好吧,你已经被告知,或者你自己发现了,全局变量(命名空间
可以在翻译单元之外访问的范围变量)是
邪恶™。但您知道它们有多真实吗?考虑
下面的程序,由两个文件 [main.cpp] 和 [numbers.cpp] 组成:
在 Windows 7 中,该程序可以与 MinGW g++ 4.4.1 和
视觉C++10.0。
由于类型不匹配,程序在运行时会崩溃。
正式解释:该程序具有未定义行为 (UB),而是
因此,崩溃时它可能会挂起,或者什么都不做,或者它
可以向美国、俄罗斯、印度总统发送威胁电子邮件,
中国和瑞士,让鼻恶魔从你的鼻子里飞出来。
实践说明:在
main.cpp
中,数组被视为指针,放置在与数组位于同一地址。对于 32 位可执行文件,这意味着第一个
数组中的
int
值被视为指针。即,在main.cpp
中numbers
变量包含或似乎包含(int*)1
。这导致程序访问地址空间最底部的内存,即
传统上保留并导致陷阱。结果:你会崩溃。
编译器完全有权不诊断此错误,
因为 C++11 §3.5/10 说,关于兼容类型的要求
对于声明,
同一段详细说明了允许的变化:
这种允许的变化不包括将名称声明为一个数组
翻译单元,并作为另一个翻译单元中的指针。
5.2 陷阱:过早优化(
memset
和朋友)。尚未编写
5.3 陷阱:使用 C 惯用法获取元素数量。
凭借深厚的 C 经验,很自然地可以这样写……
由于数组会在需要时衰减为指向第一个元素的指针,因此
表达式
sizeof(a)/sizeof(a[0])
也可以写成sizeof(a)/sizeof(*a)
。不管怎样,意思都是一样的它是用于查找数组元素的C 惯用法。
主要陷阱:C 习惯用法不是类型安全的。例如,代码
...
传递一个指向
N_ITEMS
的指针,因此很可能会产生错误结果。在 Windows 7 中编译为 32 位可执行文件,它会生成……
int const a[7]
重写为int const a[]
。int const a[]
重写为int const* a
。
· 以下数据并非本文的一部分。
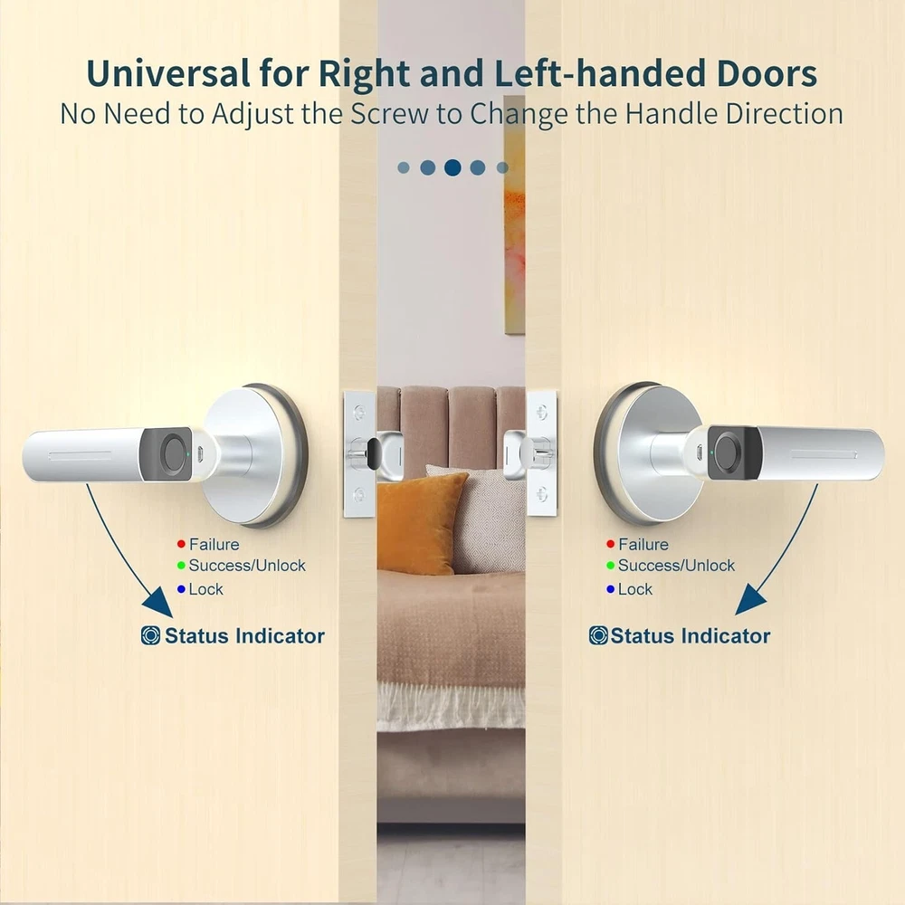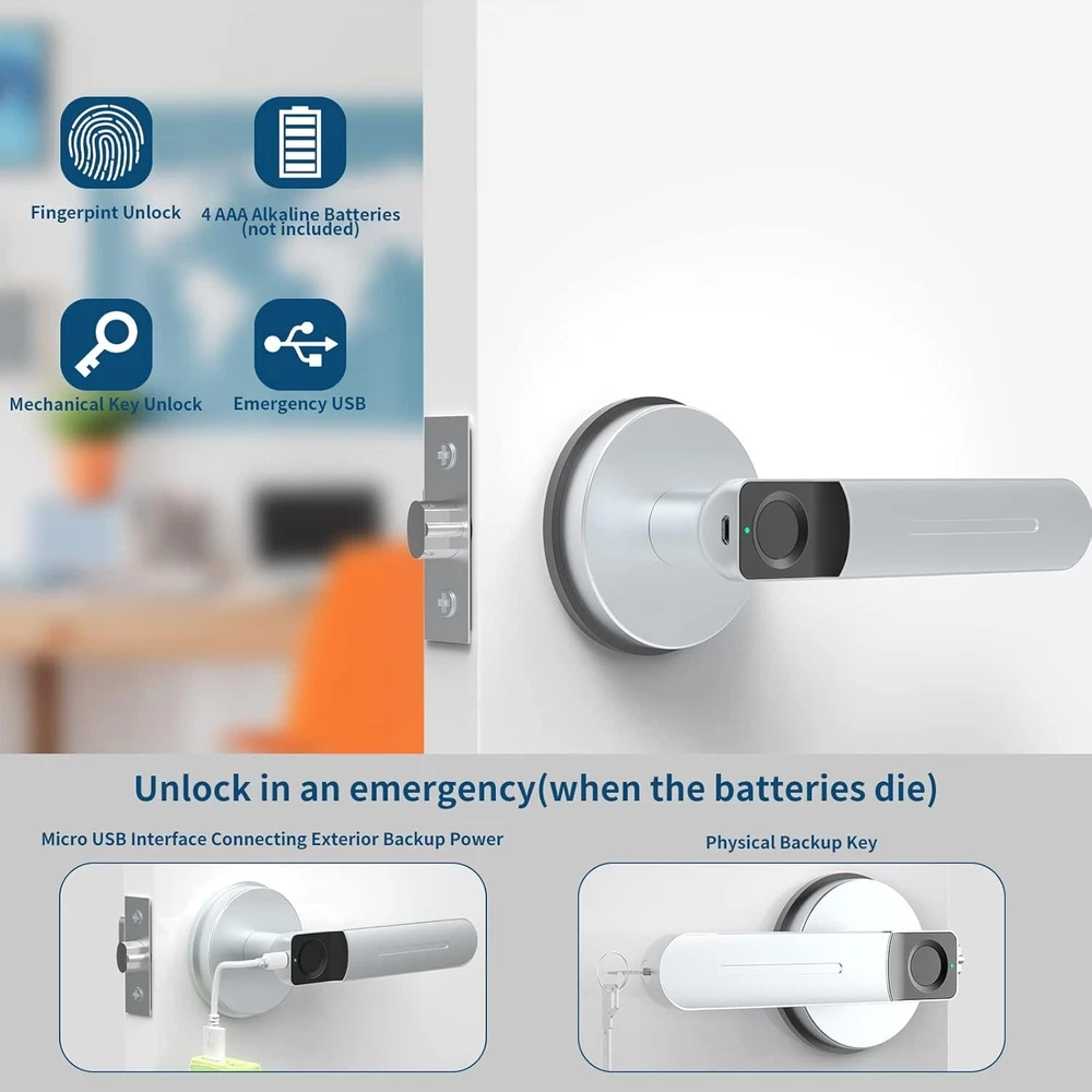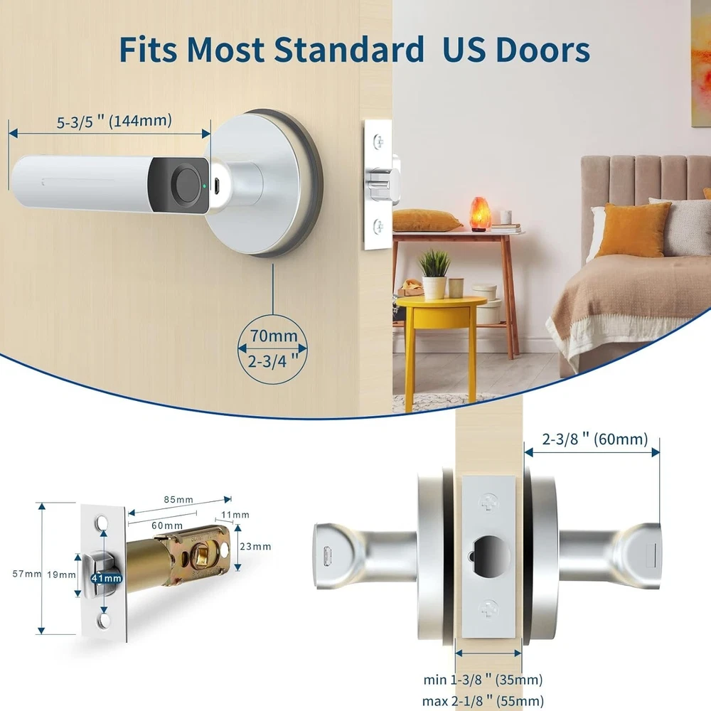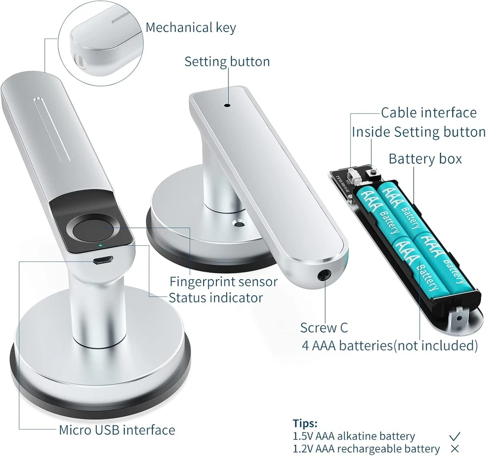 Product Dimensions: 6.49 X 2.6 X 2.5 Inches Battery Cell Type: Alkaline Shape: Door Handle gtin13: Does not apply Finish Type: Painted ANSI Grade: Not Specified Color: Silver Style: Modern Batteries Included?: No Type: Door Lock Brand: Unbranded Number in Pack: 1 UPC: Does not apply Suitable For: Interior/Room Door, Home, Office, Bedroom, Apartments, Closets, Interior Doors Features: Keyless, Easy to Install, Electronic, Adjustable Backset, Self Closing, Fingerprint Identification, 2 ways to unlock, Humanized design, DIY installation, Low battery alert, USB emergency power port, Auto-lock mode, Normal-open mode, Adjustable door handle Item Package Quantity: 1 Item Depth: 2.5 in Mounting: Universal Lock Type: Biometric Control Method: Touch Door Handing: Universal/Reversible Items Included: Hardware, Main parts, Front handle, Back handle, Single latch, Strike plate, 2 keys, Square cotter, 2 spiral tubes, Screws, Installation guide Controller Type: Finger Touch Item Dimensions L X W X H: 6.49 X 2.6 X 2.5 Inches Item Weight: 2.15 lb Fixings Supplied: Yes Number Of Pieces: 1 Batteries Required?: Yes Finish: Painted Material: Zinc Batteries: 4 Aaa Batteries Required. Cross Bore Diameter: Not Specified

N_ITEMS
是通过指针调用的。sizeof(array)
(指针的大小)为 4。sizeof(*array)
相当于sizeof(int)< /code>,对于 32 位可执行文件也是 4。
为了在运行时检测此错误,您可以执行以下操作:
运行时错误检测比不检测好,但是有点浪费
处理器时间,也许还有更多的程序员时间。更好地检测
编译时间!如果您很高兴不支持 C++98 的本地类型数组,
那么你可以这样做:
用 g++ 编译这个定义并代入第一个完整的程序,
我得到了……
工作原理:数组通过引用传递给
n_items
,所以它确实如此不会衰减到指向第一个元素的指针,并且该函数可以只返回
类型指定的元素数量。
使用 C++11,您也可以将其用于本地类型的数组,并且它是类型安全的
用于查找数组元素数量的C++ 习惯用法。
5.4 C++11 - C++20 陷阱:使用 constexpr 数组大小函数。
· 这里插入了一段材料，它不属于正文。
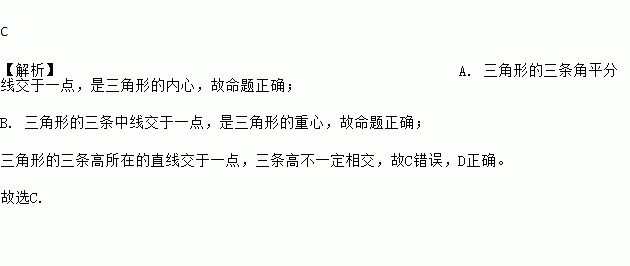 C. 三角形的三条高交于一点 D. 三角形的三条高所在的直线交于一点
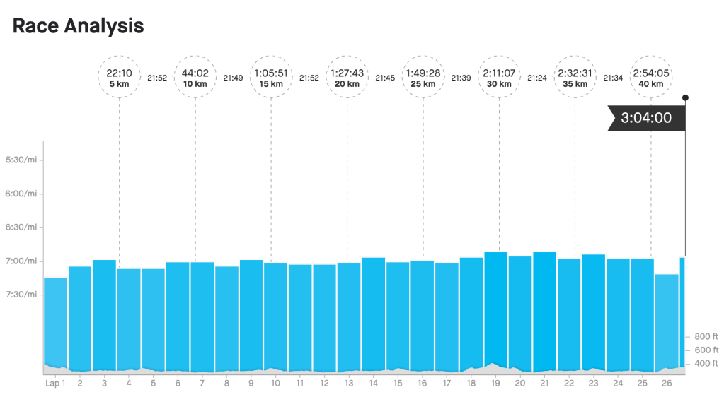 I finished off the final 0.25 mile at 6:56/mi pace, running a little extra to ensure Strava tracks at least 26.2 miles to get the credit for the race. Could you imagine doing all that and Strava tracked 26.19 and the time not counting!
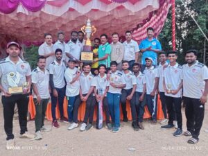 सावंतवाडी : शेवटच्या चेंडू पर्यंत अत्यंत रोमहर्षक ठरलेल्या अंतिम सामन्यात थरारक विजय प्राप्त करीत गुरुमाऊली संघाचा पराभव करित शांतादुर्गा मळगांव संघाने ‘भंडारी चषका ‘वर आपले नाव कोरले. तर तुल्यबळ लढत देणारा गुरुमाऊली संघ उपविजेत्या चषकाचा मानकरी ठरला. अंतिम सामन्यातील मुन्ना सावळची २८ धावांची नाबाद खेळी संघाला विजेता ठरविण्यात महत्वपूर्ण ठरली. तर संपूर्ण स्पर्धेत उत्कृष्ट गोलंदाजी करणाऱ्या हनुमंत पेडणेकर यांचे प्रयत्न अपुरे ठरले. विजेत्या संघाला शिवसेना जिल्हाप्रमुख संजू परब पुरस्कृत रोख १५ हजार व माजी सरपंच गणेशप्रसाद पेडणेकर प्रायोजित आकर्षक भव्य भंडारी चषक तर उपविजेत्या संघाला दया चौधरी (मनोरमा ट्रस्ट वालावल ) व युवा उद्योजक प्रसाद नाईक पुरस्कृत रोख १० हजार व कै. महादेव हळदणकर स्मृती प्रित्यर्थ पांडुरंग हळदणकर पुरस्कृत आकर्षक भव्य चषक देऊन मान्यवरांच्या सन्मानित करण्यात आले.
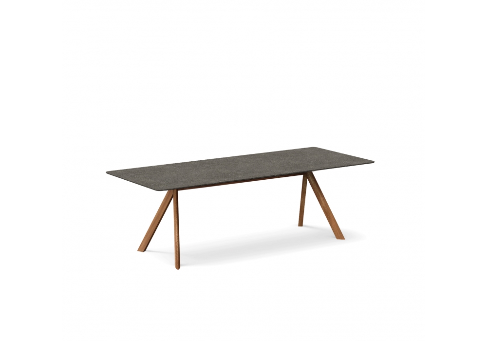Atrivm Outdoor firmato da Manel Molina per Expormim è un tavolo da pranzo rettangolare con struttura e gambe realizzate in profilo di alluminio ad alta resistenza, rifinito con polvere di poliestere o legno sapele certificato FSC® C164846. Piano disponibile in HPL o Dekton.

使用 C++11 及更高版本,很自然地实现数组大小函数,如下所示:
这会生成数组中的元素数量作为编译时间常量。该函数甚至被标准化为
std::size
。例如,
size()
可用于声明与另一个数组大小相同的数组:但请考虑使用
constexpr
版本的代码:陷阱:直到 C++ 23 不允许使用引用
c
na常量表达式,并且所有主要编译器都拒绝此代码。来自 C++20 标准,[expr.const] p5.12 :c
既不能在常量表达式中使用,其生命周期也不在constexpr int n = ...
内开始,因此计算c
不是核心常数表达式。对于 C++23,这些限制已由 P2280:在常量表达式中使用未知的指针和引用。c
被视为对未指定对象的引用绑定 ([ expr.const] p8)。5.4.1 解决方法:C++20 兼容的
constexpr
大小函数std::extent
std::extent
不是一个可行的解决方法,因为如果constexpr
decltype( c ) >::value;Collection
不是数组,它就会失败。为了处理可以是非数组的集合,需要一个
size
函数,而且,对于编译时使用,需要编译时数组大小的表示。以及经典的 C++03 解决方案,效果很好
同样在 C++11 和 C++14 中,是让函数报告其结果而不是值
但通过其函数结果类型。例如这样:
关于
static_n_items
返回类型的选择:此代码不使用std::integral_constant
因为使用
std::integral_constant
表示结果直接作为
constexpr
值,重新引入原始问题。关于命名:此解决方案的一部分是
constexpr
-invalid-due-to-reference问题是要明确选择编译时间常数。
在 C++23 之前,像上面的 STATIC_N_ITEMS 这样的宏会产生可移植性,
例如,对于 clang 和 Visual C++ 编译器,保留类型安全。
相关:宏不尊重范围,因此为了避免名称冲突,它可以是
使用名称前缀是个好主意,例如
MYLIB_STATIC_N_ITEMS
。5. Common pitfalls when using arrays.
5.1 Pitfall: Trusting type-unsafe linking.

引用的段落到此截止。